Eran Creevy is a British director most famous for his films Shifty (2008) and Welcome to the Punch (2013), and several music videos.

Career
After assisting Matthew Vaughn and Woody Allen on the films Layer Cake and Scoop respectively, he began directing music videos for artists such as Asher D and Sway. It wasn't long before he directed his first commercial for Coca-Cola's energy drink, Relentless. Since then he has continued to direct music videos including "Destination Calabria" for Alex Gaudino, which went on to be one of the top 5 music videos in 2007. His Utah Saints promo won best dance promo at the UK Music Awards in 2008. His video for Sonny J, "Hands Free", also picked up several award nominations.  His commercial credit list has grown to include further work for Relentless, Carlsberg, the Nike Plus campaign for W&K Amsterdam, the US Coastguard and commercials for the hit US television show The Chase. He wrote and directed his debut feature Shifty which was released nationwide in cinemas in 2009. Shifty was nominated for a BAFTA, 5 BIFAs and named as one of Empire magazine's best films of the year.

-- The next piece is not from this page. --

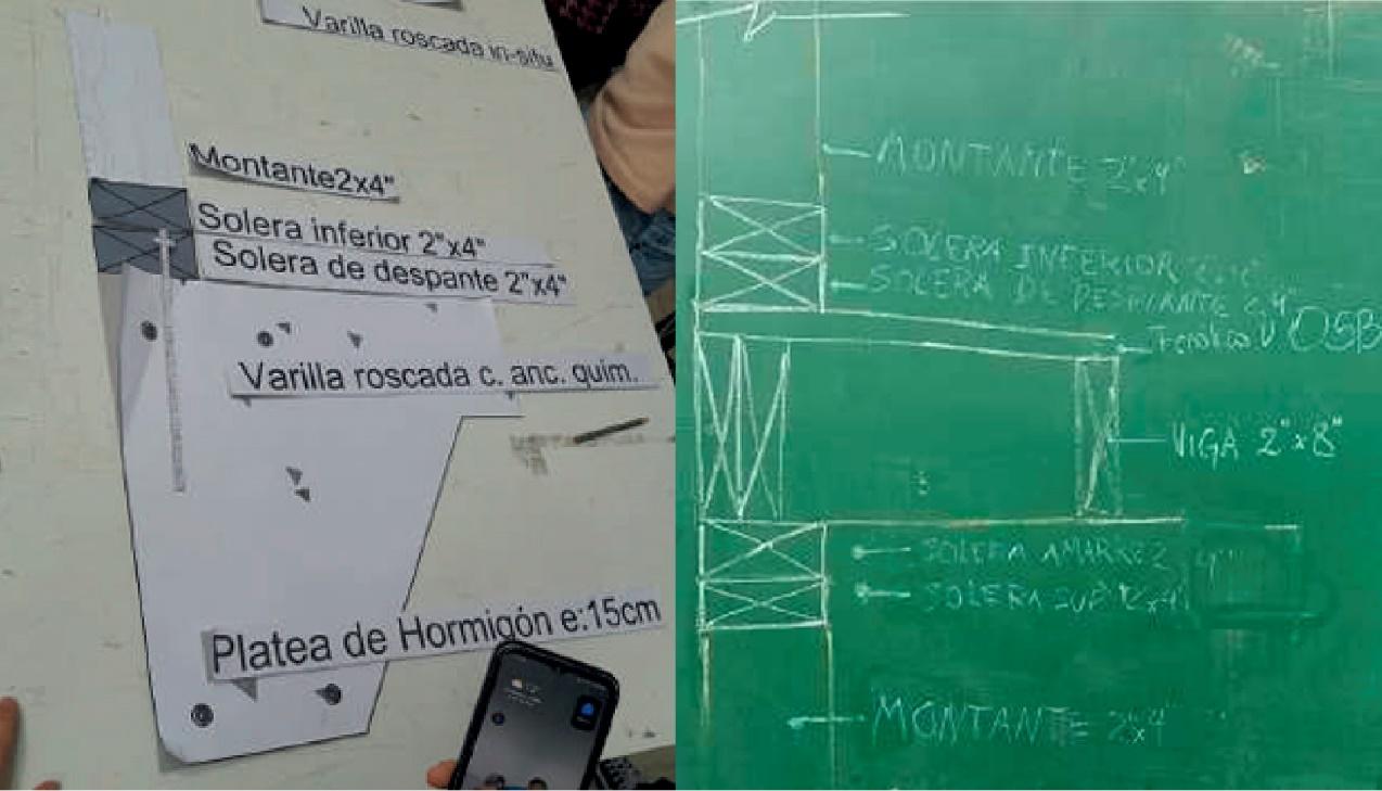 Las actividades de la posta 3 eran de duración de una hora y se repitieron cuatro veces en la mañana, una vez para cada comisión. La actividad se desarrolló en dos partes. Por un lado, sobre un tablero se montaron en 2D diferentes encuentros del sistema de entramado liviano de madera como: cimientos y muro, entrepiso y muro, cubierta y muro, y la resolución de los vanos en la fachada. Para esto, los docentes previamente fabricaron una serie de piezas impresas en escala 1:1 y reforzados sobre cartón, los cuales representaban los elementos estructurales del sistema trama de madera. Las piezas se presentaban mezcladas y sin referencia en el tablero, y los estudiantes tenían que analizar qué pieza se necesitaba para cada encuentro y buscarla. Simultáneamente se trabajaba en 2D a escala 1:1 en la pizarra (Figura 5).

His next feature film, action thriller Welcome to the Punch, went into production in 2011 and was executive produced by Ridley Scott.

Filmography

Films
Feature films
 Shifty (2008)
 Welcome to the Punch (2013)
 Collide (2016)

Other credits
 Layer Cake
 Scoop
 Breaking and Entering
 Millions
 Life and Lyrics
 Breakfast on Pluto
 Wimbledon

Television

Music videos
 Alex Gaudino – "Destination Calabria"
 Armand Van Helden & A-Track present Duck Sauce – "Anyway"
 Eric Prydz - "Pjanoo"
 Asher D – "This Is Real"
 Natty – "Coldtown"
 Passenger – "Wicked Man's Rest"
 Riz MC, Sway & Plan B – "Shifty"
 Ronan Keating – "All Over Again"
 Sonny J – "Handsfree"
 Take That – "Kidz"
 Tim Deluxe – "Let the Beats Roll"
 Utah Saints – "Something Good '08"

Commercials
 Relentless
 Nike Sofia
 Nike Not A Runner
 US Coastguard Born Ready
 Sci Fi The Chase
 Carlsberg

Awards and nominations
BAFTA Awards
 Outstanding Debut by a British Writer, Director or Producer - Shifty

British Independent Film Award (2008)
 Best Achievement in Production - Shifty
 Douglas Hickox Award (Eran Creevy)

Stockholm Film Festival (2009)
 Bronze Horse (Eran Creevy)

UK Music Video Awards
 "Something Good '08" (Best Dance Video - UK Music Video Awards 2008)
 "Handsfree"	(Nominated for 3 UK Music Video Awards 2008)

References

External links
 

English film directors
English screenwriters
English male screenwriters
Living people
Year of birth missing (living people)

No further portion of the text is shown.